** Data excerpts follows **

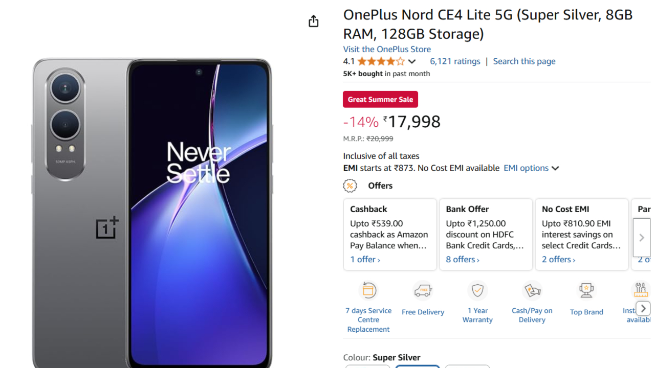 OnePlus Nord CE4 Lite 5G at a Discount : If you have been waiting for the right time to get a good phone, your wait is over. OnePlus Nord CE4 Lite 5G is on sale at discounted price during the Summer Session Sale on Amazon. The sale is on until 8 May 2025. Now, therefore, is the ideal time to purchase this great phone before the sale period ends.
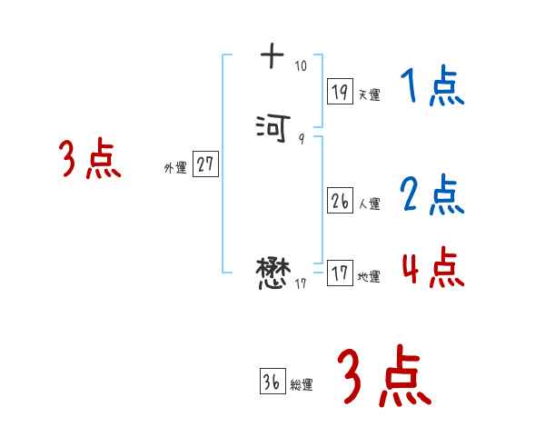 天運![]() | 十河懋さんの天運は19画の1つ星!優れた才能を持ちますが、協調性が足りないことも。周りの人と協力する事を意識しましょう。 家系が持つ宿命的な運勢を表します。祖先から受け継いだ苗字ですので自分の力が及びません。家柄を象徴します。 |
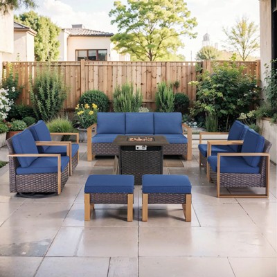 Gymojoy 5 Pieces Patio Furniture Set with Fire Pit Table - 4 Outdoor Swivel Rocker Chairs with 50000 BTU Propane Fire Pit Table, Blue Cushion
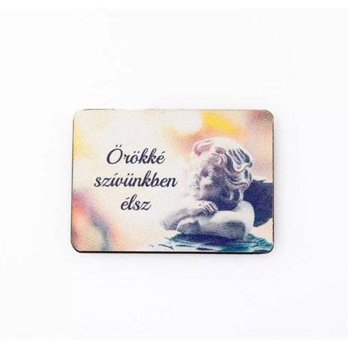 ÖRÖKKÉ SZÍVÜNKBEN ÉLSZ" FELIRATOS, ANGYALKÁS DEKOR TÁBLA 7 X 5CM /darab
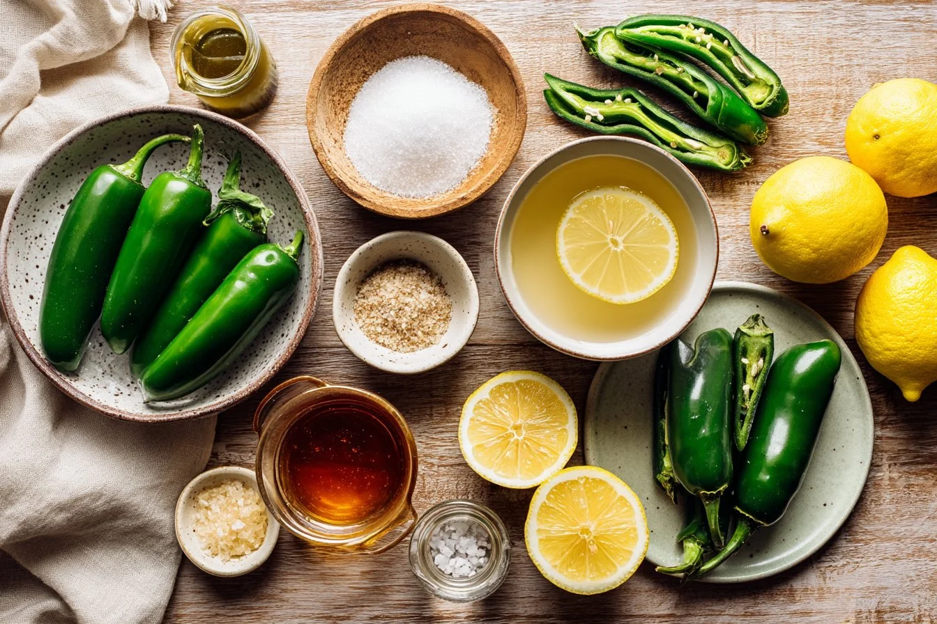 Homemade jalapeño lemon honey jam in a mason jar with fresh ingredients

** End of Data excerpts **
** Data excerpts follows **

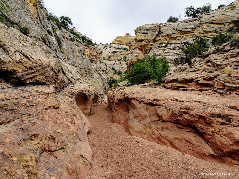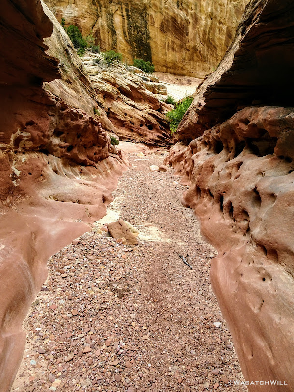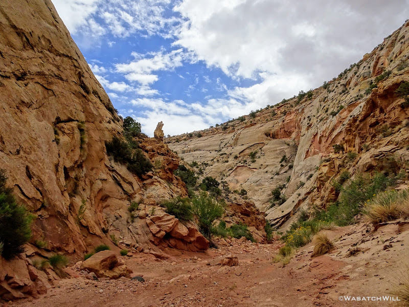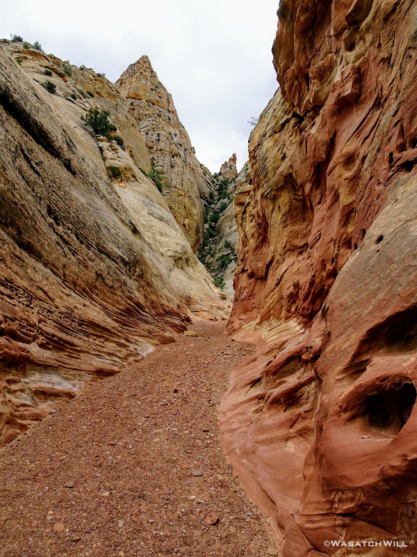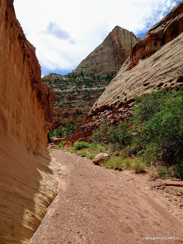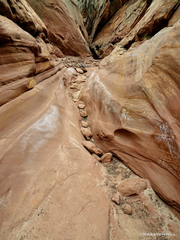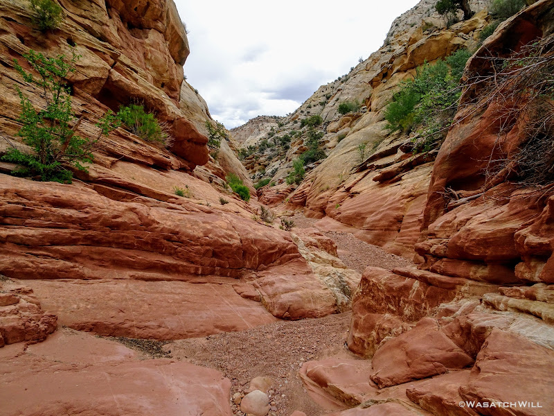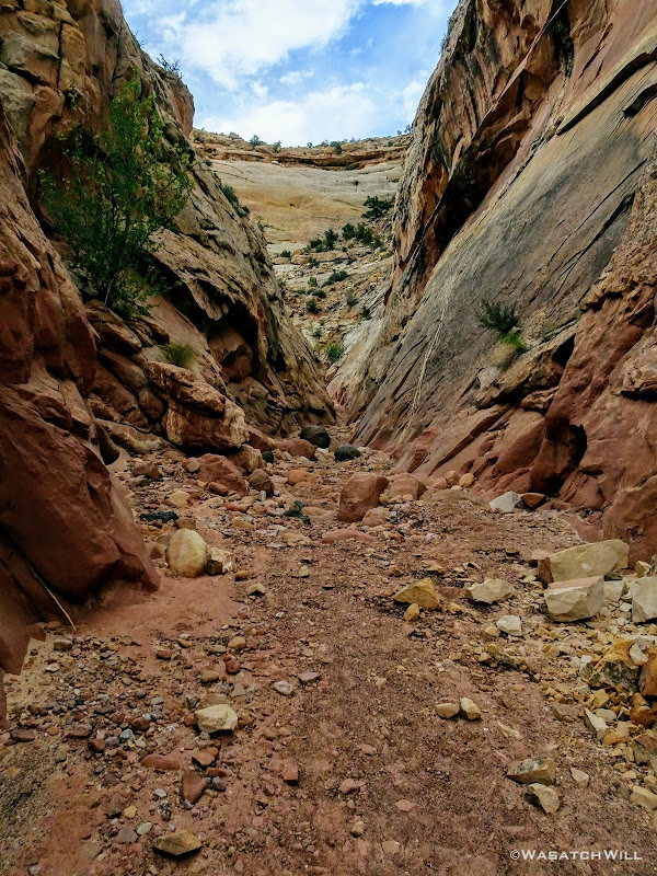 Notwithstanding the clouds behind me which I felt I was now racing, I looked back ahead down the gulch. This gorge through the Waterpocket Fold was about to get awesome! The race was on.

** End of Data excerpts **
** Data excerpts follows **

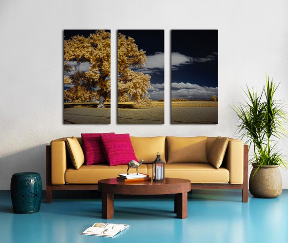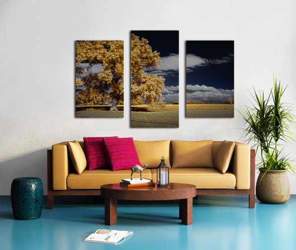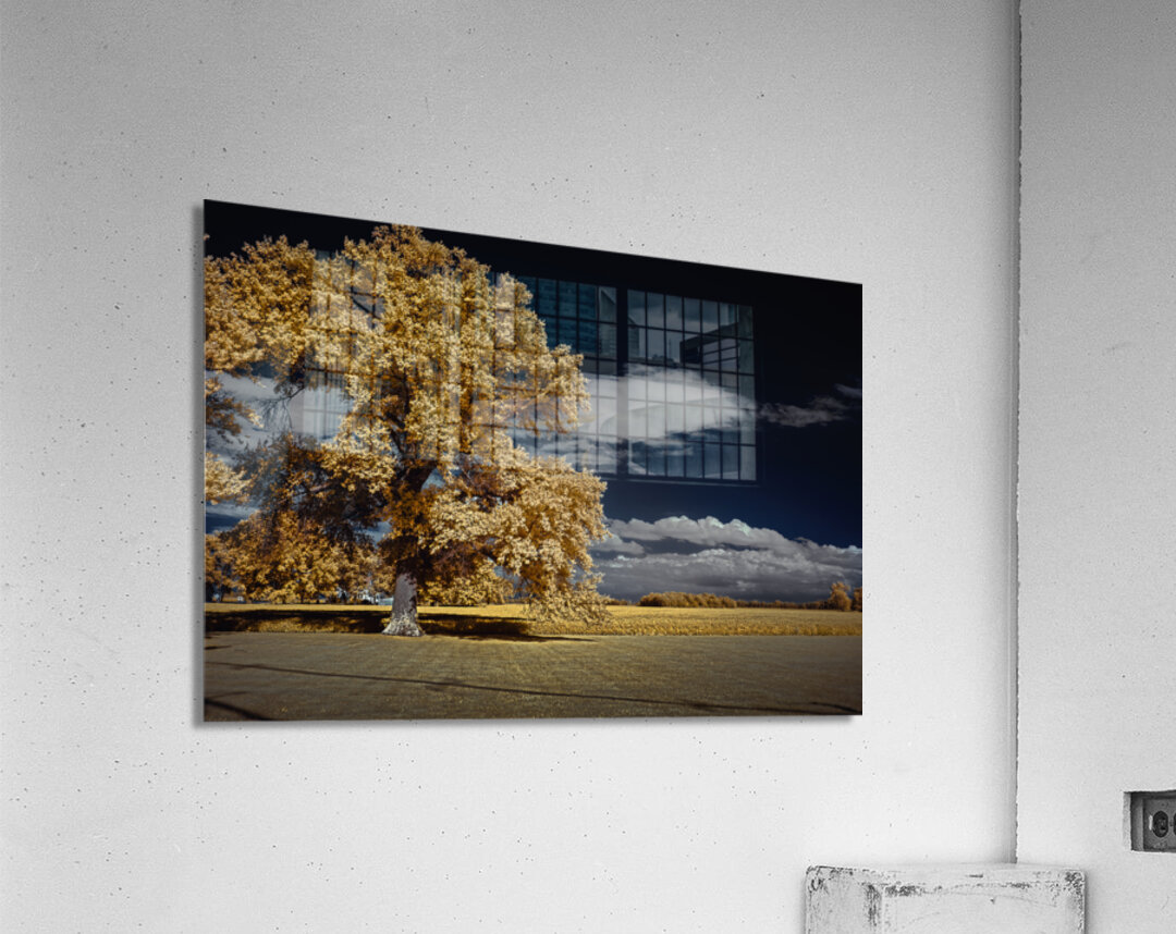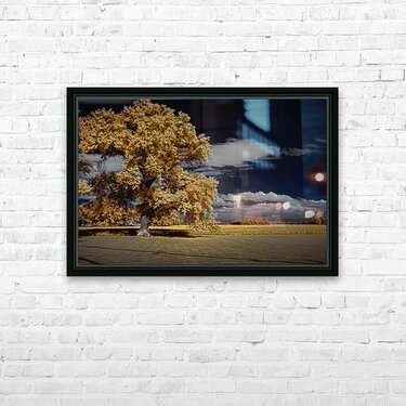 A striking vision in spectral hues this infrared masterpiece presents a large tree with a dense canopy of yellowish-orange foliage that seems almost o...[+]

** End of Data excerpts **

Problem details: Restate the lines above from the one containing "OnePlus Nord CE4 Lite 5G at" through the one containing "X 5CM /darab", inclusive, exactly and without pictures.

Your solution:
 OnePlus Nord CE4 Lite 5G at a Discount : If you have been waiting for the right time to get a good phone, your wait is over. OnePlus Nord CE4 Lite 5G is on sale at discounted price during the Summer Session Sale on Amazon. The sale is on until 8 May 2025. Now, therefore, is the ideal time to purchase this great phone before the sale period ends.
 天運![]() | 十河懋さんの天運は19画の1つ星!優れた才能を持ちますが、協調性が足りないことも。周りの人と協力する事を意識しましょう。 家系が持つ宿命的な運勢を表します。祖先から受け継いだ苗字ですので自分の力が及びません。家柄を象徴します。 |
 Gymojoy 5 Pieces Patio Furniture Set with Fire Pit Table - 4 Outdoor Swivel Rocker Chairs with 50000 BTU Propane Fire Pit Table, Blue Cushion
 ÖRÖKKÉ SZÍVÜNKBEN ÉLSZ" FELIRATOS, ANGYALKÁS DEKOR TÁBLA 7 X 5CM /darab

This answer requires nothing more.